NEW YORK – While the TRK inhibitor larotrectinib (Bayer's Vitrakvi) is effective among cancer patients with NTRK gene fusions, it is far less effective among patients harboring other alterations in the NTRK gene, a new analysis has found.
In 2018, the US Food and Drug Administration approved larotrectinib to treat adult and pediatric patients with solid tumors marked by an NTRK gene fusion. This was the second tumor-agnostic precision oncology drug approved by the FDA after the 2017 approval of pembrolizumab in patients with advanced solid tumors with microsatellite instability/mismatch repair deficiency, who are out of options.
NTRK gene fusions are rare events in cancer, but they are found across a range of tumor types. Other genetic alterations in the NTRK gene also occur in different cancers, though it's been unclear whether larotrectinib may be effective as a treatment for patients with those changes.

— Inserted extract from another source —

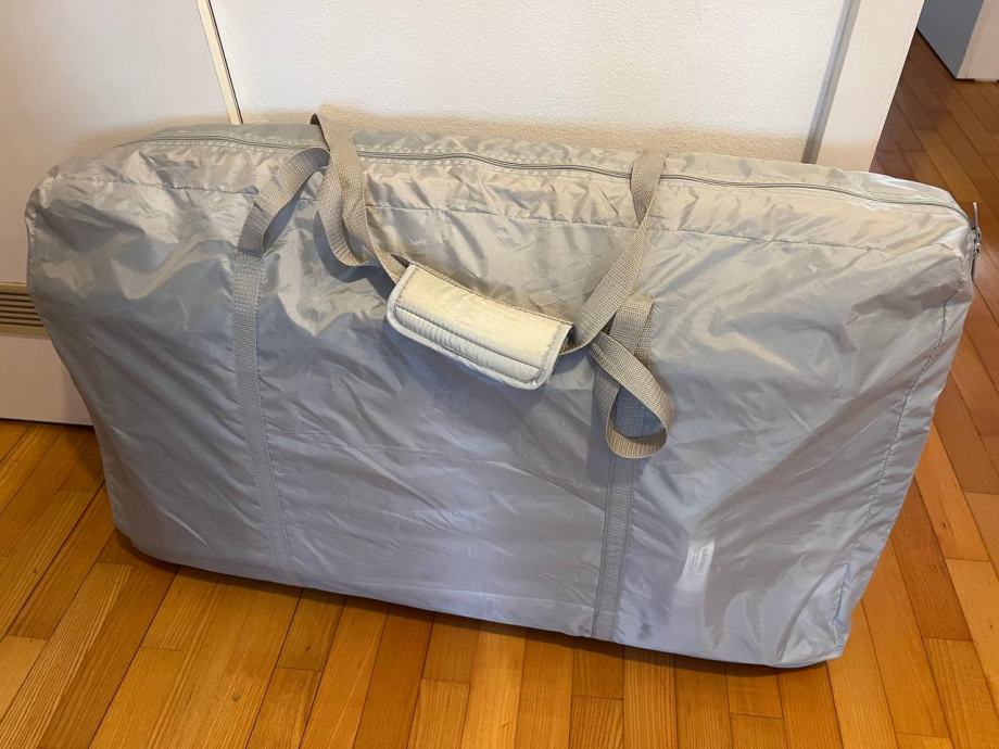 Može se koristiti kao dodatni krevet (postoje remeni za pričvršćivanje na krevet) ili ponijeti sa sobom (postoji navlaka).

To guide oncologists choosing treatments for patients with NTRK alterations, the University of Texas MD Anderson Cancer Center's David Hong and his colleagues examined larotrectinib's efficacy among both patients with NTRK gene fusions and among patients with non-fusion alterations. But according to results presented by Hong at the American Association for Cancer Research's Virtual Annual Meeting this week, larotrectinib is not as effective among patients with non-fusion genetic alterations in NTRK.
"These data strongly support the clinical importance of testing for NTRK gene fusions in order to identify patients who would benefit from larotrectinib treatment," Hong said. When the FDA approved larotrectinib, it did not simultaneously approve a companion test that could specifically detect NTRK fusions, but there are a number of next-generation sequencing platforms that can gauge these events.

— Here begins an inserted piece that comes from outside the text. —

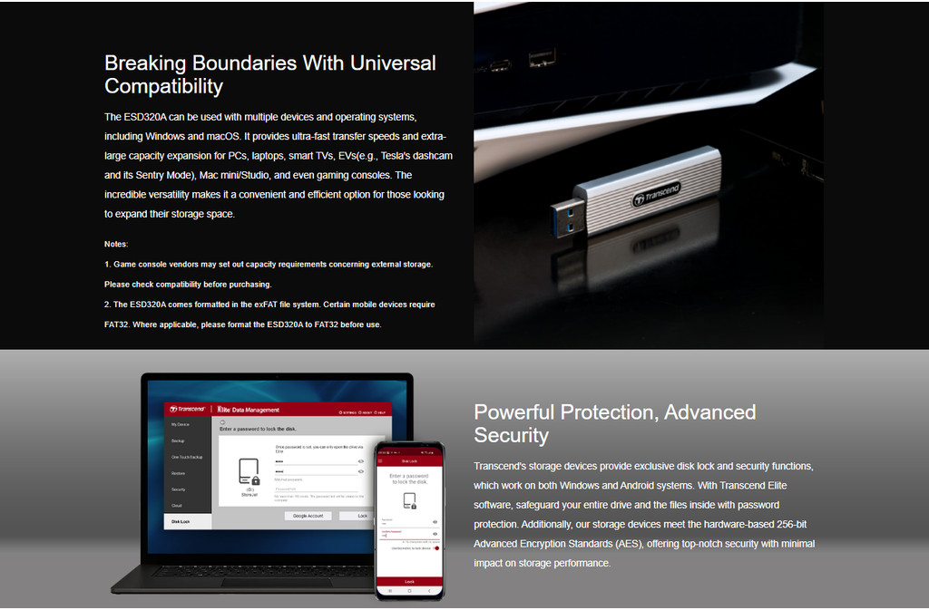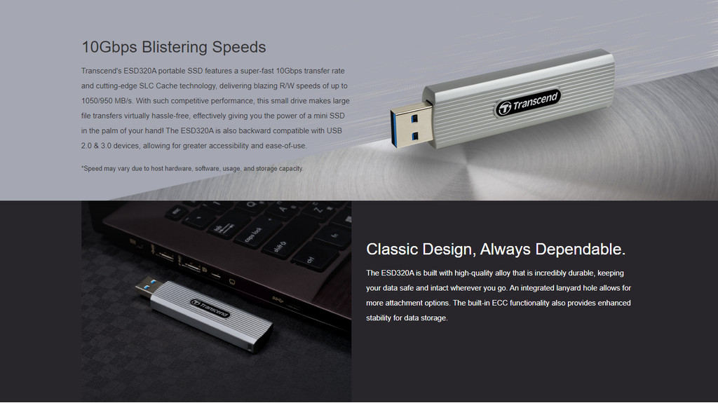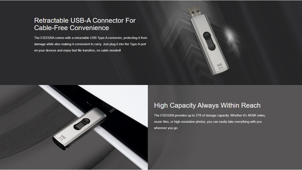 The ESD320A is Transcend's miniature portable SSD that delivers a lightning-fast transfer rate of 10 Gbps and a generous storage capacity of up to 2TB, allowing you to transfer vast amounts of files in the blink of an eye. With a retractable USB Type-A connector, the ESD320A is a convenient and efficient external storage option that you won't want to miss out on!

For their analysis, Hong and his colleagues pooled data from three clinical trials of adult and pediatric cancer patients treated with larotrectinib, the NCT02122913, SCOUT, and NAVIGATE trials. NTRK gene status was determined through local molecular testing and two of the studies at first enrolled patients regardless of their fusion status.

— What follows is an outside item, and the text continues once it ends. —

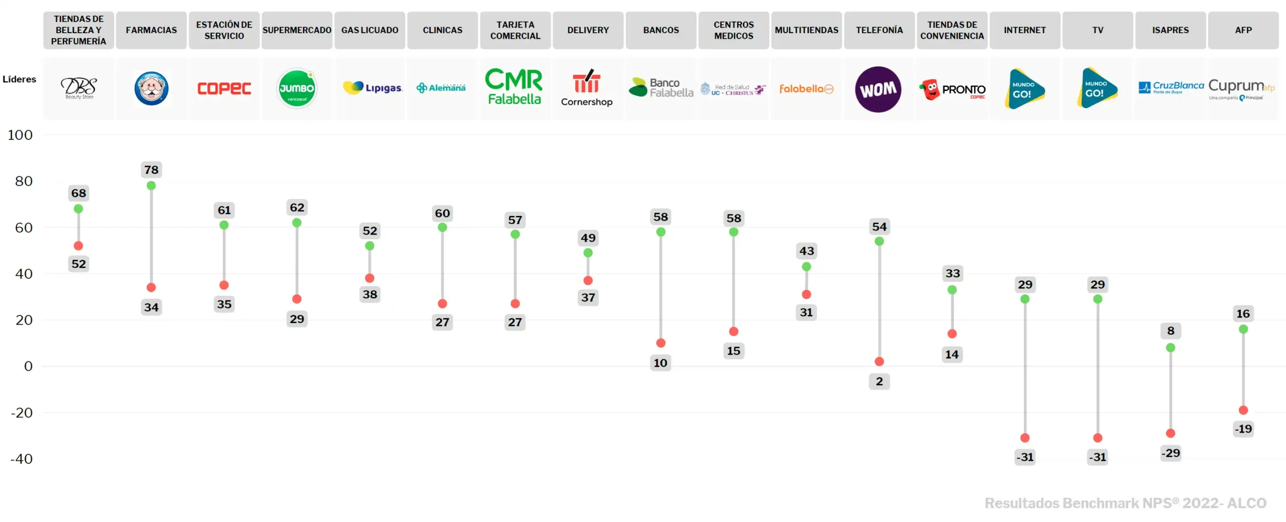 Elaborado por la consultora ALCO en conjunto con la Escuela de Negocios de la Universidad de Los Andes (ESE), el benchmark evalúa anualmente los índices NPS de las principales empresas en los más importantes sectores de la economía chilena.

Within these cohorts, 159 patients had NTRK fusions, which most commonly affected the NTRK1 or NTRK3 genes. Seventeen different tumor types were represented in this subset, most commonly soft tissue sarcoma, infantile fibrosarcoma, and thyroid cancer.
But 73 patients did not have NTRK gene fusions. Many instead had NTRK point mutations, amplifications, or rearrangements, as well as other alterations. Twenty-five tumo types were represented in this subset, including lung cancer, soft tissue sarcoma, and colon cancer.
Following treatment with larotrectinib, most of the patients in the NTRK fusion group experienced a decrease in tumor size. The objective response rate to larotrectinib in this group was 79 percent, with 16 percent of patients experiencing a complete response and 63 percent experiencing a partial response to larotrectinib, Hong reported. The median duration of response was 35.2 months.
Patients with other genetic alterations, though, didn't fare as well on larotrectinib, as their tumors continued to increase in size. The objective response rate was 1 percent, with no complete responses. Only one patient had a partial response to larotrectinib therapy and that lasted 3.7 months.
That patient, Hong noted, had an NTRK1 amplification. He added there have been reports in the literature suggesting that patients with NTRK amplifications might benefit from NTRK inhibitor treatment. But none of the other patients with NTRK amplifications in this analysis experienced any tumor shrinkage. This effect would have to be further explored in a clinical trial, he said.
Two patients in the non-fusion group who had stable disease following larotrectinib treatment were found upon closer examination to have NTRK gene fusions.
Survival endpoints varied between the groups, with the fusion group exhibiting a median progression-free survival of 28.3 months and an overall survival of 44.4 months, while the non-fusion group had a median progression-free survival of 1.8 months and a median overall survival of 10.7 months.
This confirms that larotrectinib is effective in treating patients with NTRK fusions. But the data also casts a shadow on the likelihood that the drug has efficacy among patients who have other NTRK gene alterations.
At the meeting, Yale Cancer Center's Patricia Lo Russo said in her discussion that the findings are in line with a recent study published in Cancer. In that study, researchers from the University of California, San Diego, matched patients' genetic alterations to drug treatments to examine progression-free survival. They found a difference in progression-free survival for patients when their drug was matched to their genetic fusion versus other molecular aberrations. That is, it was more important, LoRusso said, to target the gene fusion than other molecular aberrations to influence survival.
She also noted that in this new study some patients with NTRK gene fusions for whom larotrectinib was effective eventually progressed, raising questions about why they do so and whether resistance could be managed through drug combinations or second-generation TRK inhibitors.